● BRIEF: Print, word for word, the line containing "内饰方面,整体风格也偏向硬派" and all lines beneath it to the end of the entries below. Pictures do not belong in the copy.

[Stored items]
━━━━━━━━

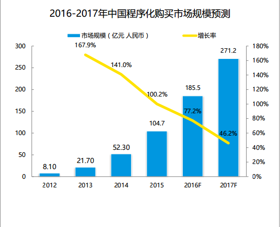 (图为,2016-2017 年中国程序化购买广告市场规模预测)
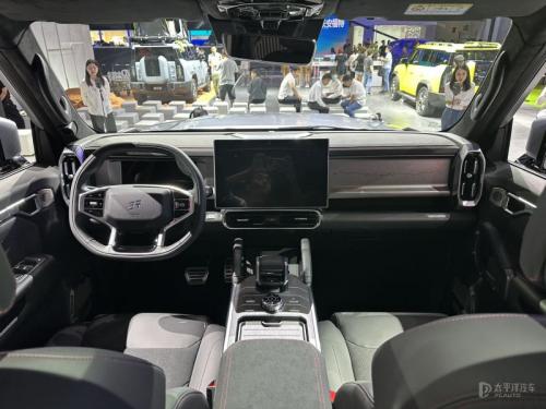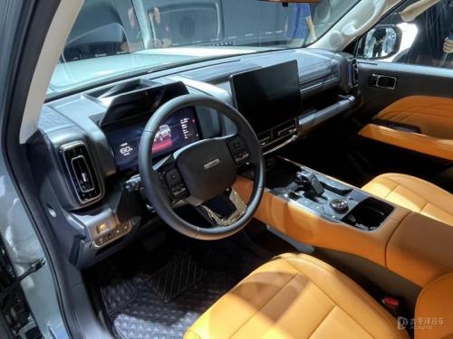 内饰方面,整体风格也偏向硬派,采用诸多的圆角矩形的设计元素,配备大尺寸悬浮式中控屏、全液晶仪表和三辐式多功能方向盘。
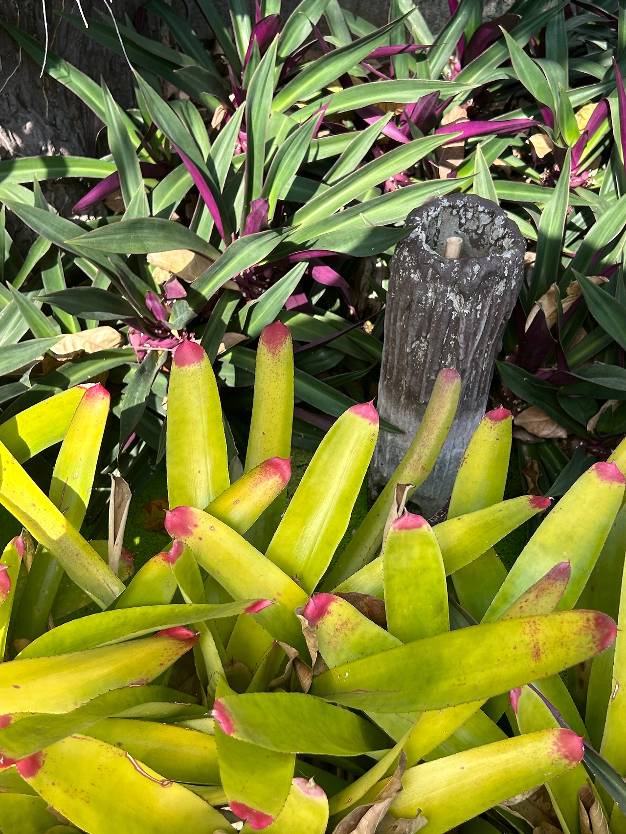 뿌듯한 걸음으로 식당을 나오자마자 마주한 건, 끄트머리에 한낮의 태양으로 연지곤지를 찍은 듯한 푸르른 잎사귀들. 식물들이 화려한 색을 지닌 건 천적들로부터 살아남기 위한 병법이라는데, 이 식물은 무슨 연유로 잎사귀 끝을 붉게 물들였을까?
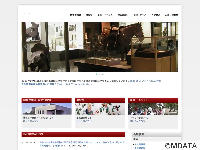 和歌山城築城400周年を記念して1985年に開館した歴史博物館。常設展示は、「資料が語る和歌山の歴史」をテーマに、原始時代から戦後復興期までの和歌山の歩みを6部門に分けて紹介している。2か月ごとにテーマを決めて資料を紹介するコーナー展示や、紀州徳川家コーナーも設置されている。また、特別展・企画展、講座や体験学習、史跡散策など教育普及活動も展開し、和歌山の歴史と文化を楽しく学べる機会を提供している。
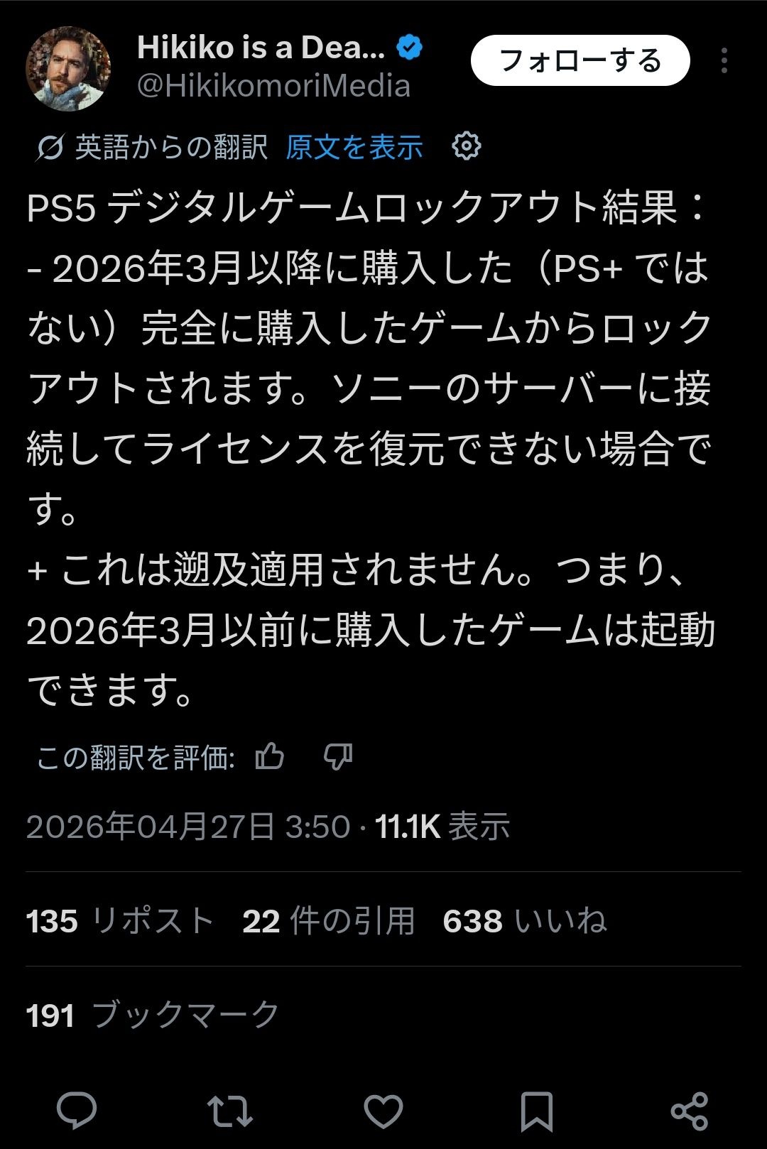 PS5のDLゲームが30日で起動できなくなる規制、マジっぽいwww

━━━━━━━━

● THE ANSWER:
 内饰方面,整体风格也偏向硬派,采用诸多的圆角矩形的设计元素,配备大尺寸悬浮式中控屏、全液晶仪表和三辐式多功能方向盘。
 뿌듯한 걸음으로 식당을 나오자마자 마주한 건, 끄트머리에 한낮의 태양으로 연지곤지를 찍은 듯한 푸르른 잎사귀들. 식물들이 화려한 색을 지닌 건 천적들로부터 살아남기 위한 병법이라는데, 이 식물은 무슨 연유로 잎사귀 끝을 붉게 물들였을까?
 和歌山城築城400周年を記念して1985年に開館した歴史博物館。常設展示は、「資料が語る和歌山の歴史」をテーマに、原始時代から戦後復興期までの和歌山の歩みを6部門に分けて紹介している。2か月ごとにテーマを決めて資料を紹介するコーナー展示や、紀州徳川家コーナーも設置されている。また、特別展・企画展、講座や体験学習、史跡散策など教育普及活動も展開し、和歌山の歴史と文化を楽しく学べる機会を提供している。
 PS5のDLゲームが30日で起動できなくなる規制、マジっぽいwww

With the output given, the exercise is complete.